■ **What the task requires**: The answer must be a single number: how many lines in this listing hold the word "from".

■ **Provided information**:
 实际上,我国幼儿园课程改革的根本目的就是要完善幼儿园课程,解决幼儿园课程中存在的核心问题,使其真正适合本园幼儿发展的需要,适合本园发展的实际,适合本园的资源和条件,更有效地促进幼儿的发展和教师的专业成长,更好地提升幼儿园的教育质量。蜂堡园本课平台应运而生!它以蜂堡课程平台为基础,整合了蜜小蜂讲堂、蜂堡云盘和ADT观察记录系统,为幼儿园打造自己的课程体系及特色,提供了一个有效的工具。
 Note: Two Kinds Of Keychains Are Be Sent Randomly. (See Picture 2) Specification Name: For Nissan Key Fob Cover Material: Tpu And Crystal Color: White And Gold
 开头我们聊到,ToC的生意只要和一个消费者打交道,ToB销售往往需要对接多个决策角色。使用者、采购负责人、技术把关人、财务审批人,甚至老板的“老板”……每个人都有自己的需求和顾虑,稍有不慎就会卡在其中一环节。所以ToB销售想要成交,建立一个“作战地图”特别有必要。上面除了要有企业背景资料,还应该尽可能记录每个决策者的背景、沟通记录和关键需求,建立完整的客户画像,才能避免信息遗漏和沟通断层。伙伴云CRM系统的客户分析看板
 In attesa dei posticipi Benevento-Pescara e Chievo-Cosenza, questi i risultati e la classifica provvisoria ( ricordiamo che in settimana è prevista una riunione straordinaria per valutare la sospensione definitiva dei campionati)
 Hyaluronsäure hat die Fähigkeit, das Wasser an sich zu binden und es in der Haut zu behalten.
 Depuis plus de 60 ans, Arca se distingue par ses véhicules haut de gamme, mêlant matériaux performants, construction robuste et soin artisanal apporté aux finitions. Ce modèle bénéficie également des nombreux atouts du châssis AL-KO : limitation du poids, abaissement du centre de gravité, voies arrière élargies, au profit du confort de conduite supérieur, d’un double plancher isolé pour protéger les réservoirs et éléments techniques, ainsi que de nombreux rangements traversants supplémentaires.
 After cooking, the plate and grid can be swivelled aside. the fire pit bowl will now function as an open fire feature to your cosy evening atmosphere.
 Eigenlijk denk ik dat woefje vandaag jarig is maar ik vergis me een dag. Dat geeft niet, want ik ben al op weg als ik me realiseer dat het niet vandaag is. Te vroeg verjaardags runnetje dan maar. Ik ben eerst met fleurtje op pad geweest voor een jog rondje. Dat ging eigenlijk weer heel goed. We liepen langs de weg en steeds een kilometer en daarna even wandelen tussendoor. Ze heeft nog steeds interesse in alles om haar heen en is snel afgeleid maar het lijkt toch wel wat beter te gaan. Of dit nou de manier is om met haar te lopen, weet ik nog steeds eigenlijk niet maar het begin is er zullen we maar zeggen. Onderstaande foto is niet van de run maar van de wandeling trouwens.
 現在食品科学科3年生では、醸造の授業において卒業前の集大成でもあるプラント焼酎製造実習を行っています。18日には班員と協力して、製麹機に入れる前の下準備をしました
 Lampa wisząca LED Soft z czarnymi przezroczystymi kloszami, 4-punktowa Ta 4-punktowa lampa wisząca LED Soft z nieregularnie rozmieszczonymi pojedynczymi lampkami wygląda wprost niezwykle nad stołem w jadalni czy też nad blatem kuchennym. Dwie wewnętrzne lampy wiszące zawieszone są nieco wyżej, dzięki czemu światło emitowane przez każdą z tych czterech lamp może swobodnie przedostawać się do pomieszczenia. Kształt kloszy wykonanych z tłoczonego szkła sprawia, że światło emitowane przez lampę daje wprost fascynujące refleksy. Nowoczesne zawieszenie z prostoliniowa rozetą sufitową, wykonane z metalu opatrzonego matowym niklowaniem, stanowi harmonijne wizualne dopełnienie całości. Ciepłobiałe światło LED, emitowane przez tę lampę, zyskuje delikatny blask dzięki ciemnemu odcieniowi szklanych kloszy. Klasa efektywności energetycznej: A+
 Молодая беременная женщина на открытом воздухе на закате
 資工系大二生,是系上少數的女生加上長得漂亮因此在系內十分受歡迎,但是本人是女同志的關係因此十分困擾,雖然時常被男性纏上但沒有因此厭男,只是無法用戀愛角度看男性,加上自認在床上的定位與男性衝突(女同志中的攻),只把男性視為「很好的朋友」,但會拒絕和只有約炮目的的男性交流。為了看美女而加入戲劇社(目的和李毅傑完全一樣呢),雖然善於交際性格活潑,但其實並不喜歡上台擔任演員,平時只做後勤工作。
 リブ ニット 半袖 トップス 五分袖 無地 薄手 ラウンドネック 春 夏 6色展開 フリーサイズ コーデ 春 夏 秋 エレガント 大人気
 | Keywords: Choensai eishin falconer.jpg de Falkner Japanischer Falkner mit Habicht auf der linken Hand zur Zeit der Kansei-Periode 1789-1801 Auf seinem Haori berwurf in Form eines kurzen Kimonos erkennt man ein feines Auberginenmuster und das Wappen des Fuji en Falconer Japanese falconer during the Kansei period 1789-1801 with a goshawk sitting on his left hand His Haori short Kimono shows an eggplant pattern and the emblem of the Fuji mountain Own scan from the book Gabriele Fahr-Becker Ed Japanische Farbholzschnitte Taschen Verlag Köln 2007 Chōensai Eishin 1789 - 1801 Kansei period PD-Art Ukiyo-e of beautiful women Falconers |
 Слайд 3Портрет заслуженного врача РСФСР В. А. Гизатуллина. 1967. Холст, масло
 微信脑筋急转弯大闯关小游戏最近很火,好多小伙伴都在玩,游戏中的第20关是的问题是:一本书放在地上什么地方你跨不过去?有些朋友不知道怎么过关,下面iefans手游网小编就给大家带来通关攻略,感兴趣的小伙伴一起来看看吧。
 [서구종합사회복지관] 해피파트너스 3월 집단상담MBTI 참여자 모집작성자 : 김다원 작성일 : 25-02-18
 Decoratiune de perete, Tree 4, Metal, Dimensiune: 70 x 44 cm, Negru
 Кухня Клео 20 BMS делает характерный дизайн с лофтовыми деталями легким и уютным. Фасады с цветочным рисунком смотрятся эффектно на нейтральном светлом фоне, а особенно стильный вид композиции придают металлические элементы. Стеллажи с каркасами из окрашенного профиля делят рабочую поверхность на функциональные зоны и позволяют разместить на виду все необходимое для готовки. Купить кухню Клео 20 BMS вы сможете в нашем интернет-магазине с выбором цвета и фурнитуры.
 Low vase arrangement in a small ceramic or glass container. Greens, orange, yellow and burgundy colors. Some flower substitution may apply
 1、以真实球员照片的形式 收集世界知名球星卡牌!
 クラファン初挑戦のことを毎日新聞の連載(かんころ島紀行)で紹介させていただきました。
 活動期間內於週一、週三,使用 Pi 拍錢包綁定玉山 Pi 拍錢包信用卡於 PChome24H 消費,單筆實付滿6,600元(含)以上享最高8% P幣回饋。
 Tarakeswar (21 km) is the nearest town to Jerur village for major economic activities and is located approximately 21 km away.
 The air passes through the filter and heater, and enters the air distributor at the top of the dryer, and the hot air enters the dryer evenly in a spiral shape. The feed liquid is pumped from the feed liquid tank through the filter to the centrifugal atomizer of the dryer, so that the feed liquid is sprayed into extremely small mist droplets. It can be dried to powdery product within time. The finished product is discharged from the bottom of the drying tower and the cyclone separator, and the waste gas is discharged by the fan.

■ **Exercise output**: 2